Tom Paine, who is so often cited as the patron saint of secularism, was in fact nearer the mark: “Toleration is not the opposite of intoleration, but it is the counterfeit of it. Both are despotisms. The one assumes to itself the right of withholding liberty of conscience, and the other of granting it.”
Legal secularism is a denial of the principle of self-determination that lies behind human rights such as freedom of conscience and freedom of speech. Fundamental to personhood and to freedom is the conviction of a free and responsible mind, and therefore the ability to think for ourselves, to define ourselves, and to act true to ourselves. Human rights therefore confer the freedom to be and to do what we believe is natural and right for us as humans. Thus unintentionally but no less drastically, liberals demean human personhood when they invite people freely into the public square, but only on the condition that they leave their faith behind—in other words, when liberals ask religious believers to jettison the deepest source that makes them who they are.
In the same way, the present alliance of secularists, strict separationists, and liberal proceduralists restricts religious believers to the segregated margins of private life on behalf of their self-interested liberal myth of a neutral public square. “Public reason” is the respectable alias for secularism, and all religious beliefs are unmasked as “private prejudices.” Only the religiously naked and bare, their religious identities stripped down and disinfected in the constitutional neutrality showers, are allowed to enter the naked public square, where the liberal reigns supreme—and remains fully clothed and in command with his constitutional bullwhip. Where is the justice in this? Between the German death camps and the American naked public square lies a chasm that is morally and physically immeasurable, but the difference is one of degree, not kind.
Liberals who carelessly pick up the charge that Christian conservatives are like Ku Klux Klansmen should look in the mirror with care.
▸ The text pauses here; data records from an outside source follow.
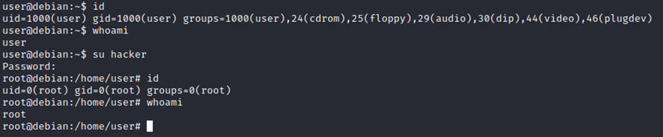 Once our user is added (please note how root:/bin/bash was used to provide a root shell) we will need to switch to this user and hopefully should have root privileges.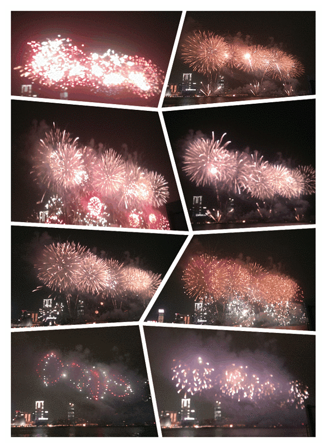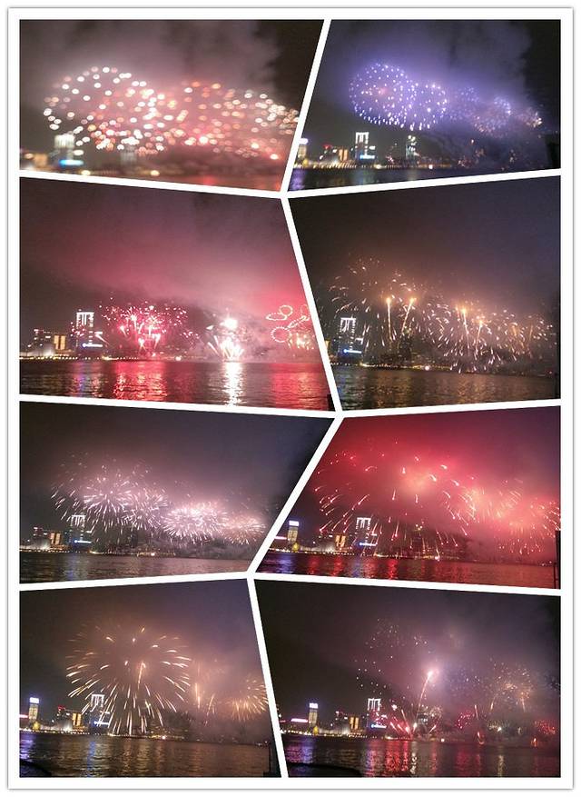 因为要汇合香港友人,一同去欣赏国庆烟花表演。我们随便去了快餐店吃晚饭就要起行,以当时吃完晚饭时间计算,香港友人说要争夺有利位置只有在金钟一带仍有机会,而尖沙咀海岸和湾仔金紫荆广场一带要中午时段就去霸头位。一般来说发放烟花的船只都是停泊在金紫荆广场对开位置,尖沙咀和湾仔的地利优势吸引了大批人前往已致形成相当挤迫的局面,所以后来我们决定去香港政府总部对开海滨长廊欣赏,果然去到目的地时人还尚少,几经努力终于找到有利位置让儿子站头排,这样就不需要抱着他可以舒服地观看烟花表演了。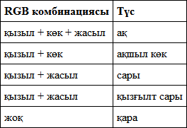 RGB (а?ылш. Red, Green, Blue – ?ызыл, жасыл ж?не к?к) комбинациялары

History shows an all too close tie-in between the rhetoric of church-state separation and the waves of Know-Nothing nativism and anti-Catholic bigotry. It would be outrageous and quite wrong to suggest that strict separationists are nativist. But the fact is that many were, including one of the leading architects of strict separationism—Justice Hugo Black—who was certainly a Baptist, but also a member of the Alabama Ku Klux Klan and virulently anti-Catholic.
For many separationists, then and now, separationism is a handy way of suppressing religious beliefs with which one disagrees and keeping them out of the mainstream of American life. As such, it should be no part of the philosophy or the policies of liberals who truly champion freedom. The historian Michael Burleigh notes that in Europe secular intellectuals such as RĂ©gis Debray and Umberto Eco are now coming to the defense of the Christian faith against silly and politically correct attempts to deny or marginalize it. “There also seems no rational reason,” he adds, “to exclude Christians—to range no further—from political debate, any more than there is to deny the vote to people with blue eyes or red hair.”